Bowen Island residents, animal protection advocates and municipal officials teamed up Tuesday in an effort to save the island’s “nuisance” beavers from their own damming ways.

A dam on the island’s Grafton Lake — which acts as a reservoir for the drinking water of nearly 4,000 residents — has been overwrought with beavers, who have been plugging a spillway daily with an assortment of mud, sticks and other dam-making debris.

“We have to dig it out every day. It’s costing us money,” said Bob Robinson, public works supervisor for the municipality.

Robinson said it’s his job to ensure that water is supplied downstream, but like other island residents he doesn’t want it to come at the expense of trapping or killing the furry animals.

So Robinson joined a handful of other island residents and members of the Association for the Protection of Fur-Bearing Animals at Grafton Lake Tuesday with a potential solution — constructing beaver-exclusion fencing, made from timber and wire, which prevents the beavers from building dams and blocking the waterway.

Oh, and more good news comes from our beaver friends in Scotland, where the
Scottish Wild Beavers group has just been granted charity status and launched a new website.
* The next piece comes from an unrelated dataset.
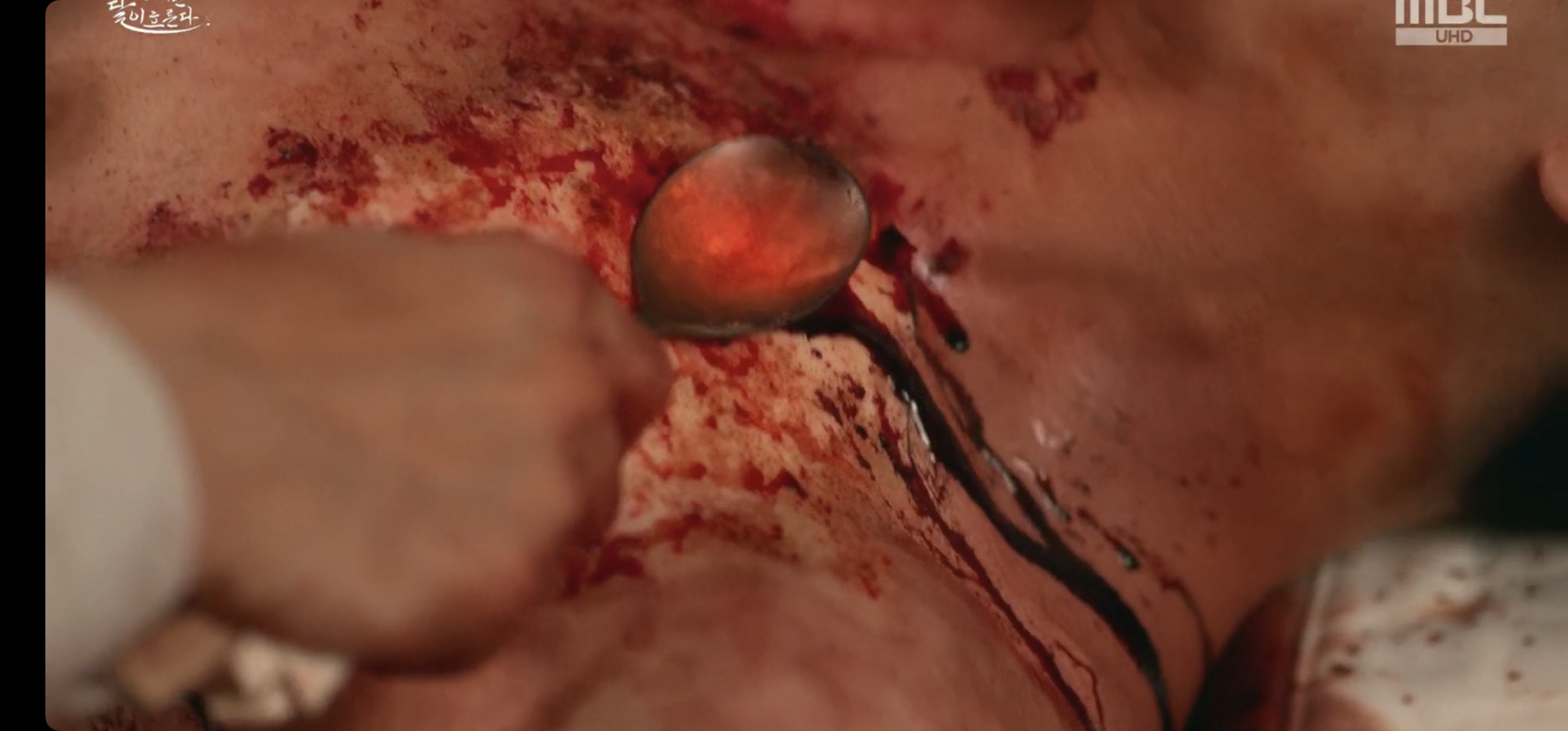총알을 빼고, 불로 지져 상처를 지지는 장면이 등장합니다.

Go check it out and think about giving them some beaver love from across the pond.


It’s interesting to think that when I started this beaver campaign there were exactly two active beaver websites on the entire internet. Three if you count the Department of Public Works in Washington. Now there are nine, and when Sherri Tippie launches hers there will be ten. That’s a pretty nice proliferation, considering that trickle down that follows.

Lets aim for 20 by next year? Maybe one in Ohio?